What do you think the future HOF inductions look like in about 10 years? I ask because three men have managed to capture 84% of all majors since 2004. That leaves not a lot of future inductees for a while. Will they lean on inducting players from yesteryear who may have been passed up?
—Jon B., Seattle, WA
• My version of the same issue: what will the inductions look like when you have these towering champs—Djokovic, Nadal, Federer and Serena—and then they are paired with decidedly less accomplished colleagues. Awkward weekend all around. Is, say, Svetlana Kuznetsova, a Hall of Famer? Probably, at least given the current criteria. Can you imagine honoring her the same weekend as you induct Federer or Serena? “Two actresses are getting Hollywood stars this year: Give it up for Meryl Streep…and Linda Cardallini!”
This is all the more reason, I believe, that the HoF whiffed in scaling back the “Contributors” category. As I see it, you need more of the Bud Collins, Paul Annacone, Oracene Williams, Gladys Heldman types. Not fewer.
• Here’s a great piece by Tumaini Carayol on the tyranny of wild cards.
• Remember Brittany Collens who was on the podcast to talk about the NCAA? Here’s a column she wrote.
• The University of Alabama captured its fifth straight title, and sixth overall, at last week's USTA Collegiate Wheelchair Tennis Championships at the USTA National Campus in Orlando, Fla. Led by coaches Evan Enquist and Shelby Baron, herself a Rio Paralympian who helped Alabama win four of its all-time titles, the quartet of Jeremy Boyd, Avery Downing, Lauren Haneke-Hopps and Thomas Venos defeated tournament debutants Michigan in the team final, 3-0. The event celebrated its 20th anniversary this year with the largest field in tournament history featuring 27 athletes representing nine different schools.
• Ahmik Paul, Take us out…..
I am writing to you because I wrote a paper on serving strategy in professional men's tennis which might interest you; I created a probability model to determine the effectiveness of different serving strategies for a particular player using their serving statistics.
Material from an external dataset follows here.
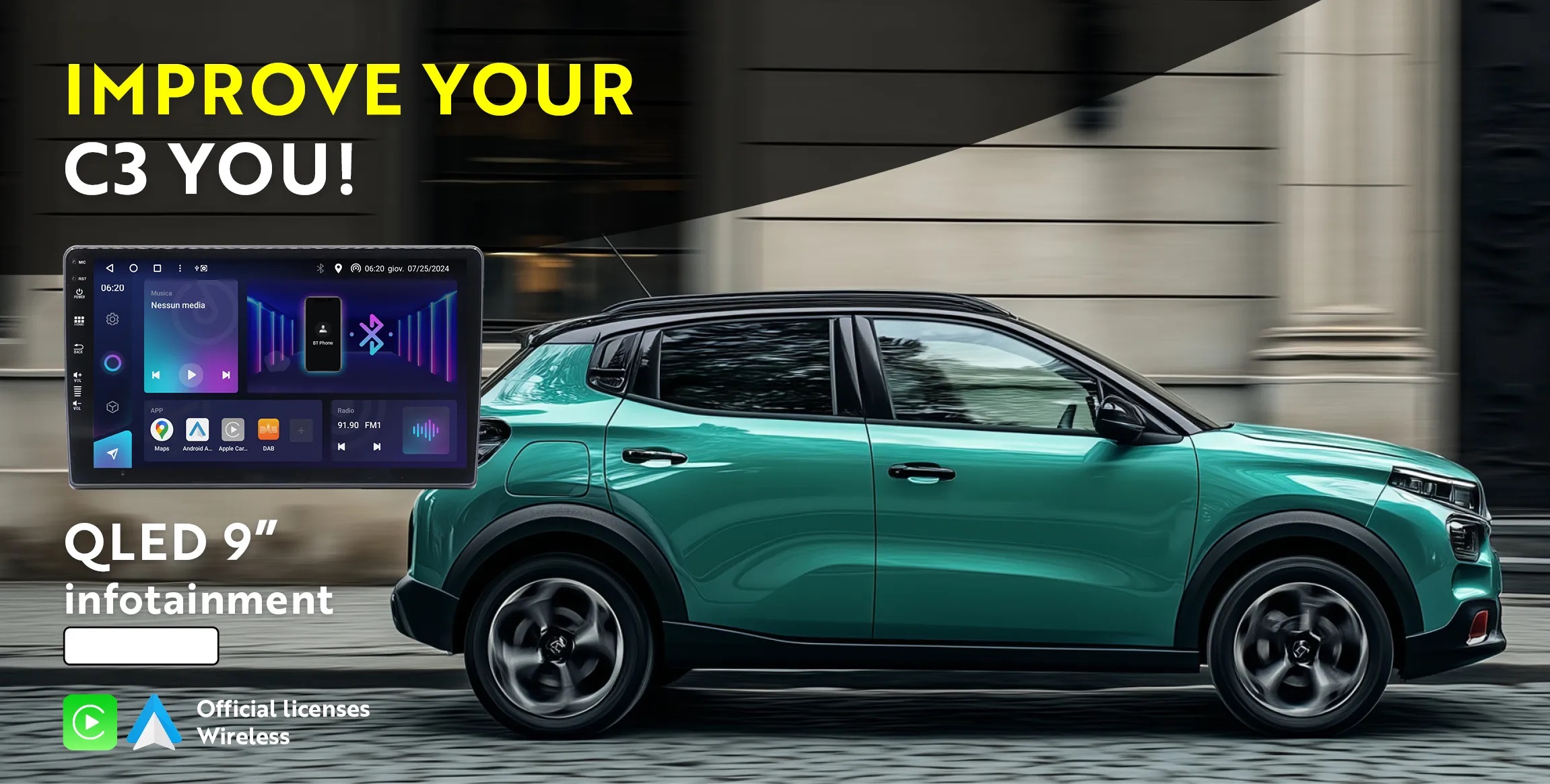 Mediastation con monitor QLED 9” e adattatore specifico per la sostituzione della Smartphone Station su CITROËN C3 allestimento YOU.

I found that for most top players, the effectiveness of the conventional hard-serve/soft-serve strategy is very similar to that of the strategy of hitting two hard serves (two first-serve style serves) however the conventional strategy wins out almost every time, by a very small margin.
However, interestingly, in the case of Gael Monfils, it would actually be statistically advantageous for him to utilize an unconventional serving strategy, where he hits two hard first-serve style serves instead of the conventional strategy.
Additionally, the surprise factor of using this unconventional strategy is not mathematically factored into my calculations. The surprise of using this would make it even more effective. I believe that the two first-serve strategy may be a viable and advantageous alternative for some players.